Coating the magnetite nanoparticles with PLGA using a high-speed emulsifier results in PLGA-magnetite SPIONs with a diameter of 120 nm (Figure 2). These results demonstrate successful synthesis of PLGA-magnetite SPIONs. It is important to verify the size and shape of PLGA-magnetite SPIONs taken from a small sample of the batch when attempting the synthesis for the first time. Scanning electron microscopy (SEM) is the preferred method for visualizing these particles. The batch should be discarded and the synthesis should be attempted again if the PLGA-magnetite SPIONs are not approximately 120 nm in diameter and spherical as shown in Figure 2. While larger or smaller particles may be desirable for certain applications, the composition will be unknown and therefore cell labeling, magnetic susceptibility, and cytotoxicity will be unpredictable.
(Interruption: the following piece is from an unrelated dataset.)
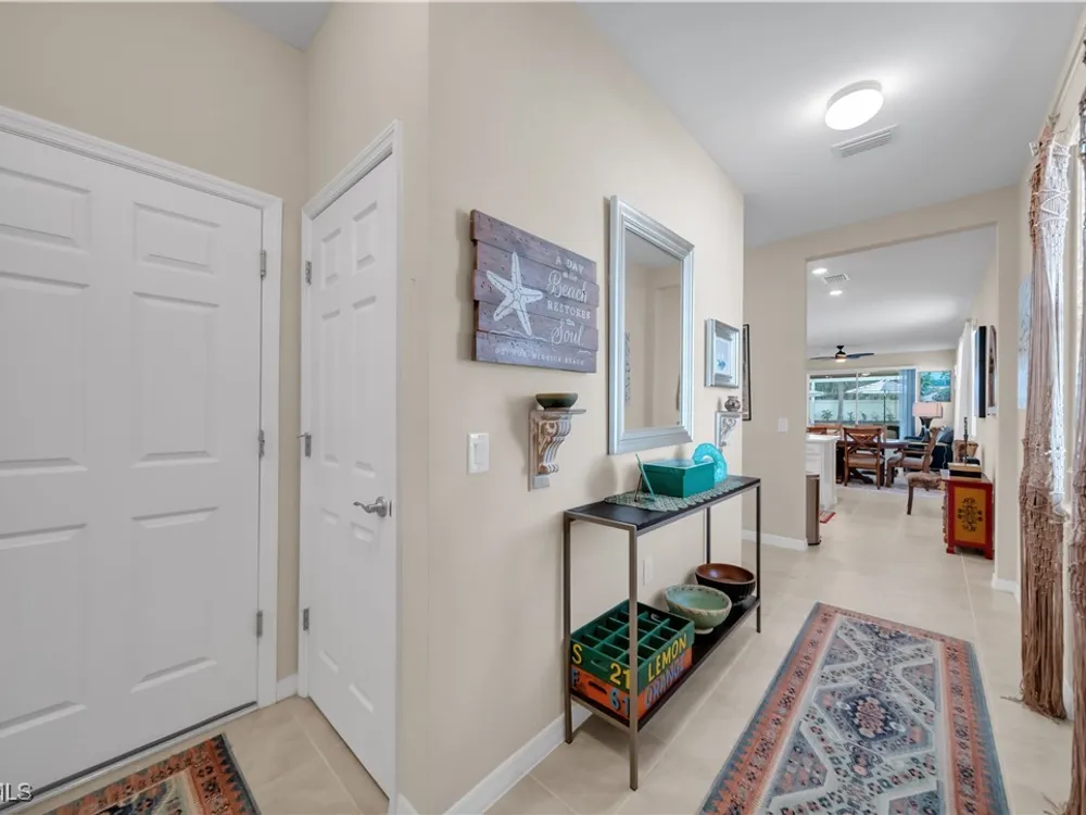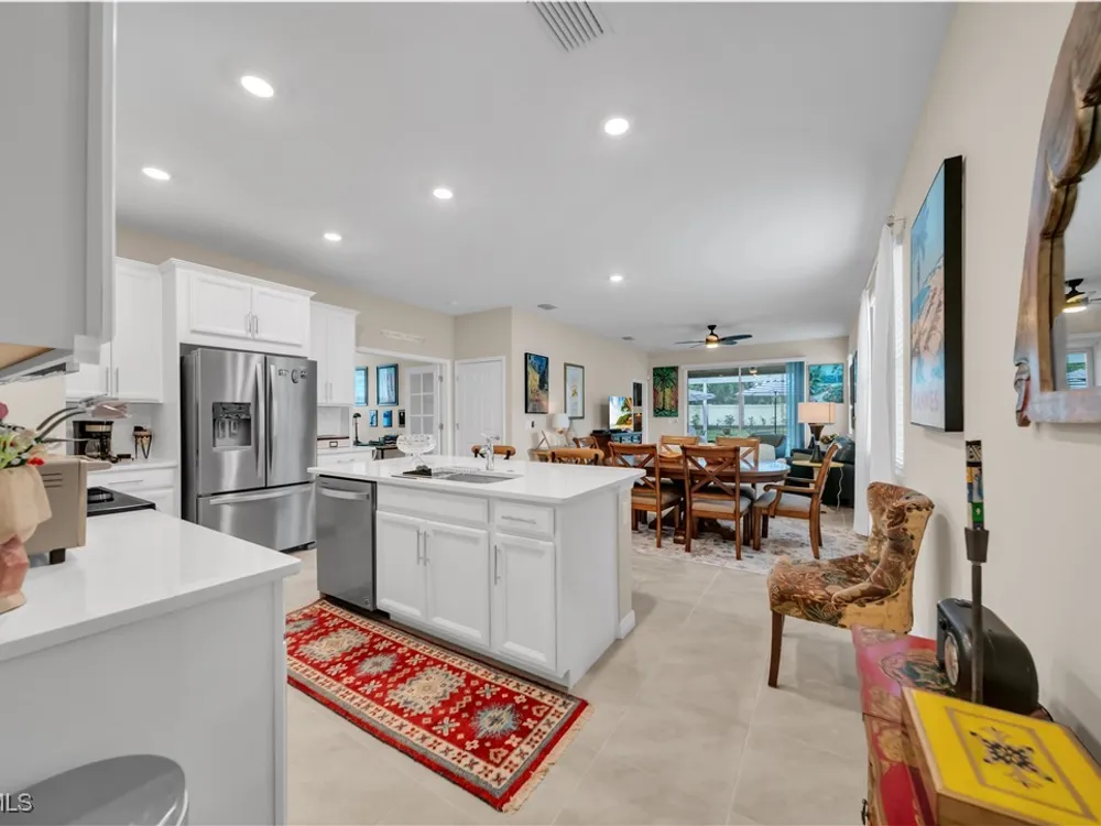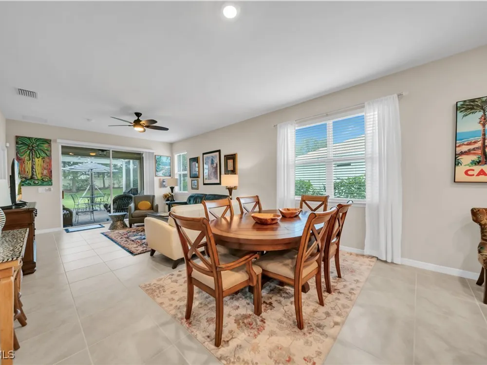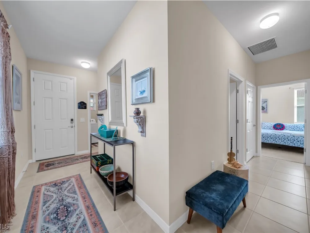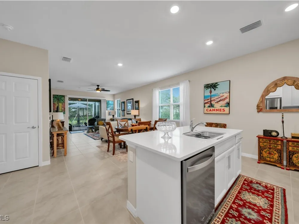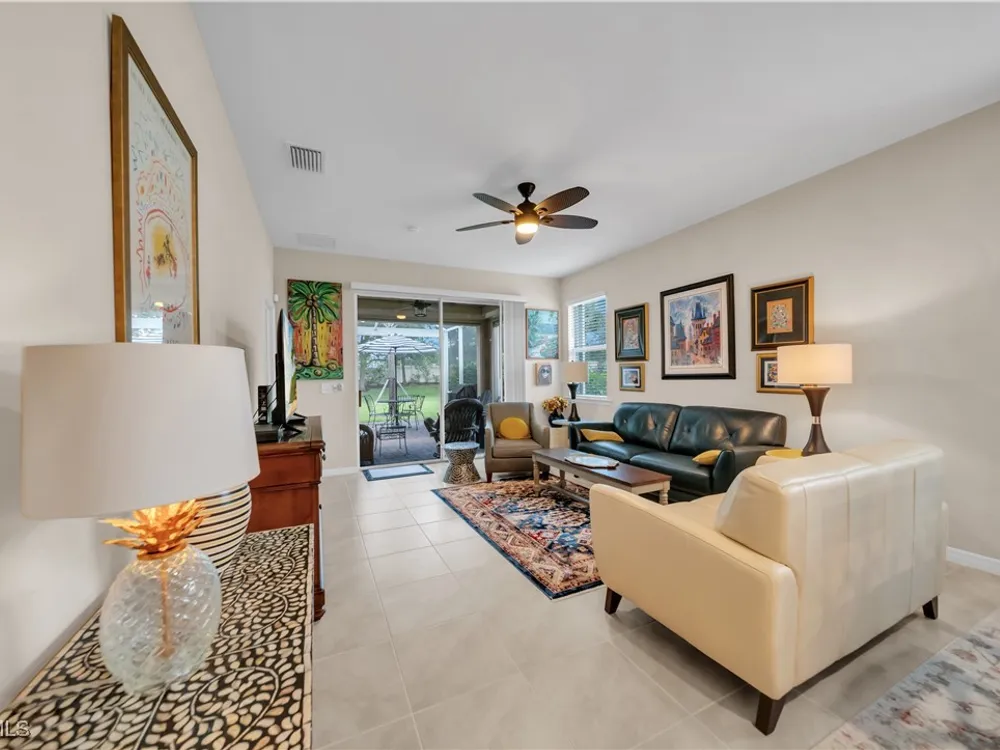 Discover effortless Florida living in this beautifully furnished home in Cascades at River Hall, a vibrant 55+ community. This beautifully maintained single-family residence offers 3 spacious bedrooms, 2 full baths, and a 2-car garage with ceiling-mounted storage. One bedroom easily doubles as a home office, perfect for today’s lifestyle. The gourmet kitchen is a true highlight, featuring stainless steel appliances, Quartz countertops, a modern sink and faucet, and an oversized walk-in pantry. The open layout flows seamlessly into the family room, making it ideal for both everyday living and entertaining. Inside, the home showcases a tasteful mix of tile and carpet flooring that adds comfort and style. The extended screened-in lanai is designed for relaxation and entertaining, with electric roll-down hurricane mesh screens providing added convenience. Hurricane shutters on every window and a monitored alarm system give you extra peace of mind. Even better, this home does not require flood insurance, saving you thousands each year. This property will be sold fully turnkey and furnished, so you can start enjoying the Florida lifestyle right away. As a resident of Cascades at River Hall, you will have access to a wide variety of social activities, a welcoming community atmosphere, and resort-style amenities. Low HOA fees include lawn care, cable, internet, and full use of all amenities, offering an excellent balance of value and lifestyle.

Incubation of blood outgrowth endothelial cells with SPIONs for 16 hr results in endocytosis of the nanoparticles (Figure 3). These results demonstrate successful labeling of cells with SPIONs. It is important to verify the presence of SPIONs within cells taken from a small sample of the batch when attempting the labeling for the first time. Transmission electron microscopy is the preferred method for visualizing these SPION-labeled cells. The cells should be discarded and the labeling should be attempted again if the PLGA-mangetite SPIONs do not appear as round black particles clustered together within cytoplasmic endosomes as shown in Figure 3. Furthermore, lower concentrations of SPIONs may fail to enable magnetic cell targeting and higher concentrations of SPIONs may be cytotoxic. If necessary, the concentration of SPIONs used to label cells can be adjusted accordingly.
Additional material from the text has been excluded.